### Task prompt
Within the entries below, output exactly the lines between the line containing "8. (전원이 켜진 상태에서)" and the line containing "软件内整合了系统化的图文与视", inclusive, and omit any picture.

### Supplied material
╔══

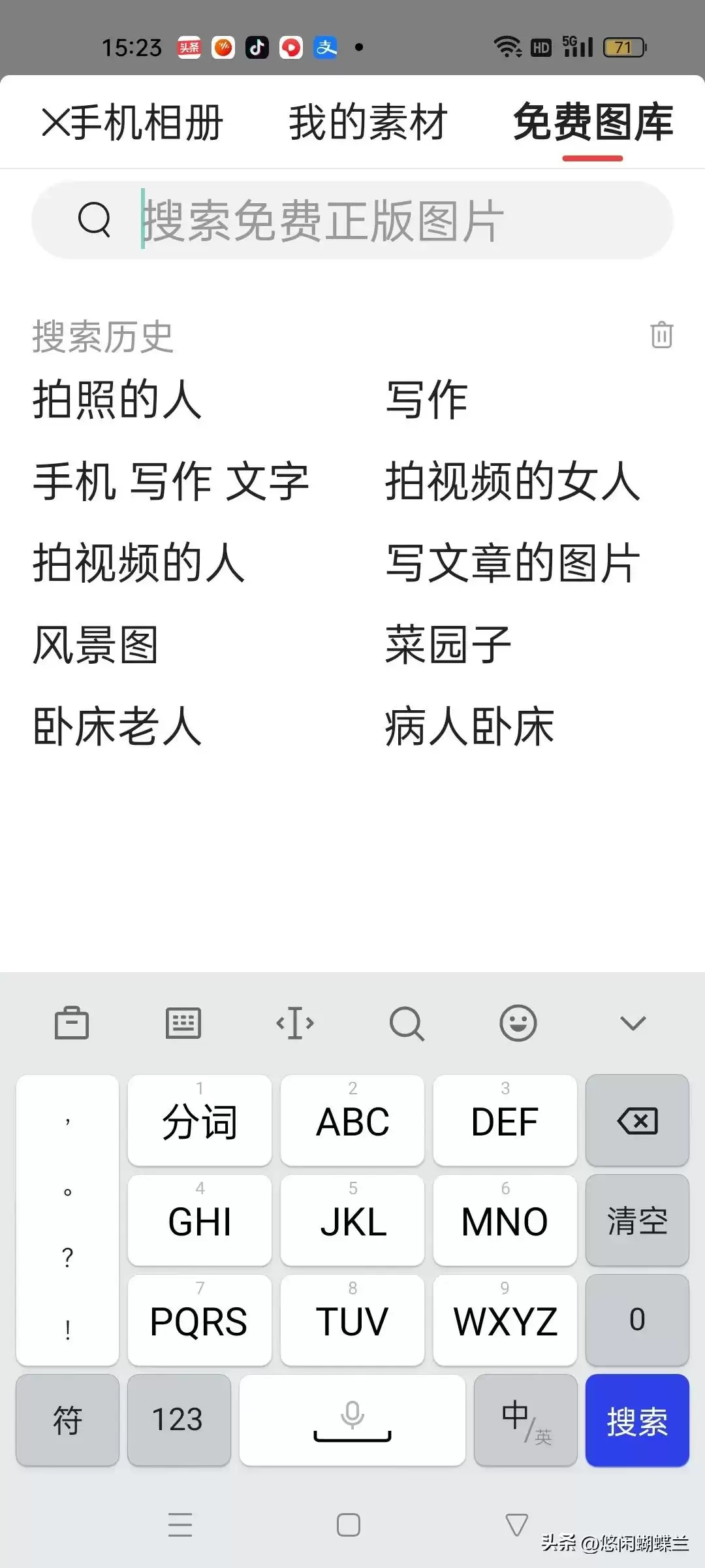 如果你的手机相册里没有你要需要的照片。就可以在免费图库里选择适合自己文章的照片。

╚══
╔══

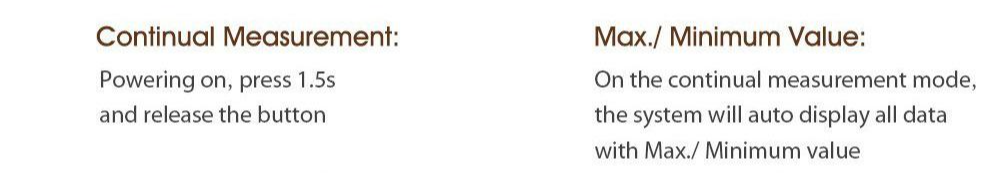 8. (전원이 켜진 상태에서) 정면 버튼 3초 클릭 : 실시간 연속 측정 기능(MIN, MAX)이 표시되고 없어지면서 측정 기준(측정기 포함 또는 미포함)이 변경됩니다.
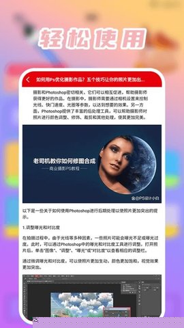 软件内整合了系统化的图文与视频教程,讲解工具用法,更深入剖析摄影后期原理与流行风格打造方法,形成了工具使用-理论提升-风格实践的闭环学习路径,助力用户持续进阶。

╚══

### Response box
 8. (전원이 켜진 상태에서) 정면 버튼 3초 클릭 : 실시간 연속 측정 기능(MIN, MAX)이 표시되고 없어지면서 측정 기준(측정기 포함 또는 미포함)이 변경됩니다.
 软件内整合了系统化的图文与视频教程,讲解工具用法,更深入剖析摄影后期原理与流行风格打造方法,形成了工具使用-理论提升-风格实践的闭环学习路径,助力用户持续进阶。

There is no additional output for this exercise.